The Correct Option is C

To solve the equation \(8^{2x} - 16 \cdot 8^x + 48 = 0\), we will use a substitution method. Let's assume \(y = 8^x\). This substitution transforms the equation into a quadratic form:

• \((8^x)^2 - 16 \cdot 8^x + 48 = 0\)
• \(\Rightarrow y^2 - 16y + 48 = 0\)

Now, this is a standard quadratic equation of the form \(ay^2 + by + c = 0\), where \(a = 1\), \(b = -16\), and \(c = 48\). We can use the quadratic formula to solve for \(y\):

• \(y = \frac{-b \pm \sqrt{b^2 - 4ac}}{2a}\)
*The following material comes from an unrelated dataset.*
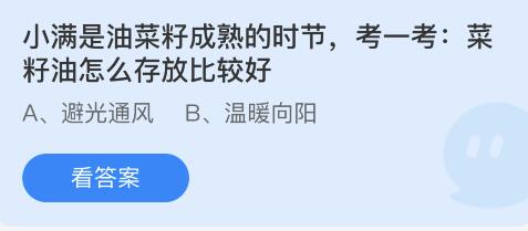 蚂蚁庄园5月21日给大家带来了问题:【小满是油菜籽成熟的时节考一考菜籽油怎么存放比较好?】,菜籽油存放是有技巧的,接下来小编给这个问题带来了答案,感兴趣的小伙伴一起来了解一下吧。

Substituting the values of \(a\), \(b\), and \(c\):

• \(y = \frac{16 \pm \sqrt{16^2 - 4 \cdot 1 \cdot 48}}{2 \cdot 1}\)
• \(y = \frac{16 \pm \sqrt{256 - 192}}{2}\)
• \(y = \frac{16 \pm \sqrt{64}}{2}\)
• \(y = \frac{16 \pm 8}{2}\)

This gives us two solutions for \(y\):

• \(y = \frac{16 + 8}{2} = 12\)
• \(y = \frac{16 - 8}{2} = 4\)

Reverting the substitution \(y = 8^x\), we have two equations:

• \(8^x = 12\)
• \(8^x = 4\)

Solving for \(x\) in each equation:

• \(x = \log_8(12)\)
• \(x = \log_8(4)\)

To find the sum of all solutions, we calculate:

• \(\log_8(12) + \log_8(4)\)
• Using the property \(\log_b(m) + \log_b(n) = \log_b(m \cdot n)\), we have: \(\log_8(48)\)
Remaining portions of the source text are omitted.